> _Work instructions_: Look below for the line with "This Seto-yaki hantsutsu-gata"; begin the copy there and stop after the line with "Allok Video Converter является", keeping the text exact and the pictures out.

> _The input_:
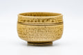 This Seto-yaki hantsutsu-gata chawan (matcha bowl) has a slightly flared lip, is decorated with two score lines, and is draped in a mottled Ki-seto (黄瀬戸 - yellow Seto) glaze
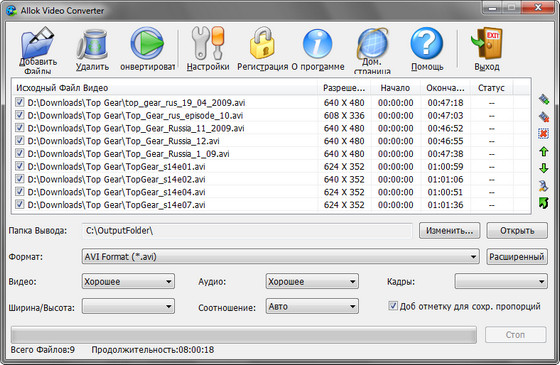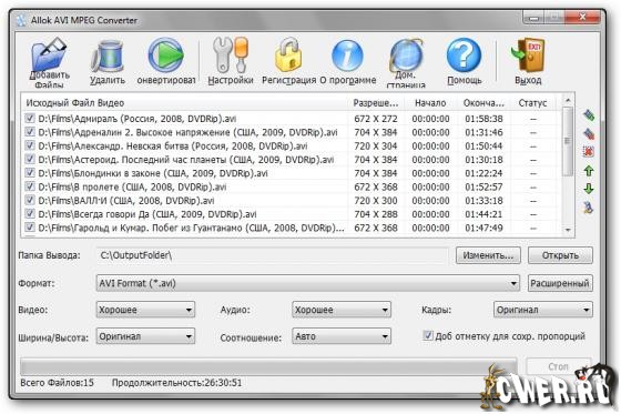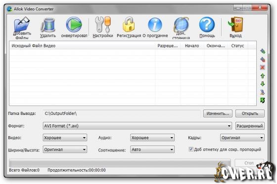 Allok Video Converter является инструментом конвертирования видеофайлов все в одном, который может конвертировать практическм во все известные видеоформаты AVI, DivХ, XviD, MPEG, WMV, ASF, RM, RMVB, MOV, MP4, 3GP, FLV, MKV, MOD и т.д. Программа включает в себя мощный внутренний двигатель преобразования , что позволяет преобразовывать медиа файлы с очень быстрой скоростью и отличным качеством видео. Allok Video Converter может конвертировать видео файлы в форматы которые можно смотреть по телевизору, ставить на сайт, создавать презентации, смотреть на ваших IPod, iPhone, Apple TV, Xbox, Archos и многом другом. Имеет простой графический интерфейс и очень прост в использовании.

* * *

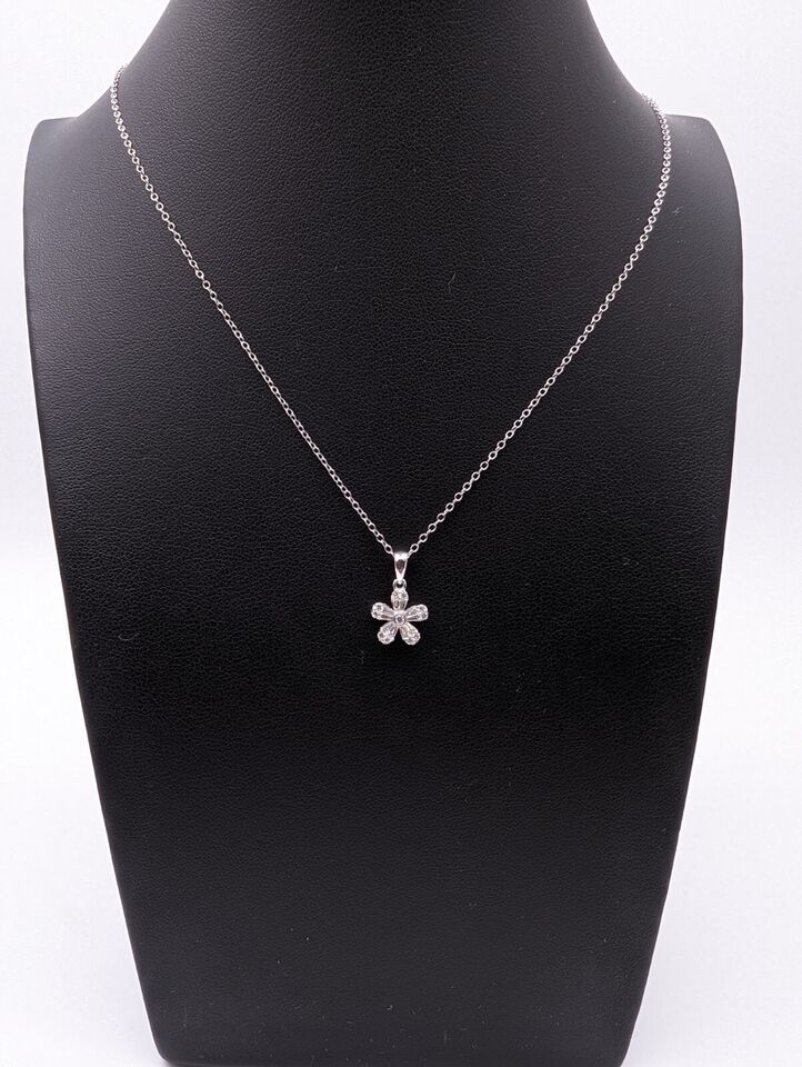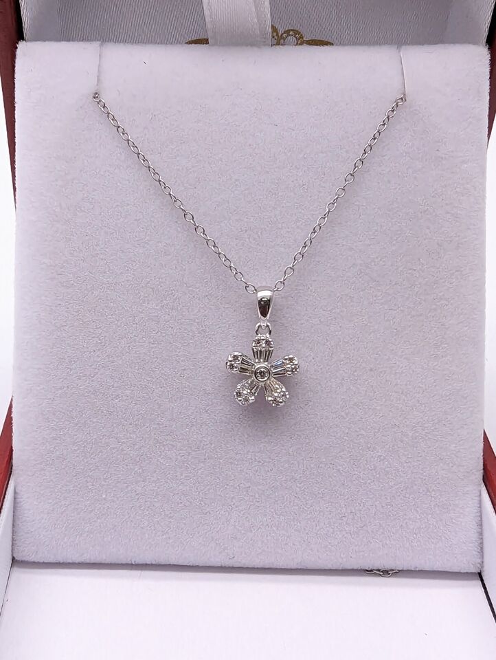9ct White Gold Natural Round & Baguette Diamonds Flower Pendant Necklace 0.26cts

> _Solution to the problem_:
 This Seto-yaki hantsutsu-gata chawan (matcha bowl) has a slightly flared lip, is decorated with two score lines, and is draped in a mottled Ki-seto (黄瀬戸 - yellow Seto) glaze
 Allok Video Converter является инструментом конвертирования видеофайлов все в одном, который может конвертировать практическм во все известные видеоформаты AVI, DivХ, XviD, MPEG, WMV, ASF, RM, RMVB, MOV, MP4, 3GP, FLV, MKV, MOD и т.д. Программа включает в себя мощный внутренний двигатель преобразования , что позволяет преобразовывать медиа файлы с очень быстрой скоростью и отличным качеством видео. Allok Video Converter может конвертировать видео файлы в форматы которые можно смотреть по телевизору, ставить на сайт, создавать презентации, смотреть на ваших IPod, iPhone, Apple TV, Xbox, Archos и многом другом. Имеет простой графический интерфейс и очень прост в использовании.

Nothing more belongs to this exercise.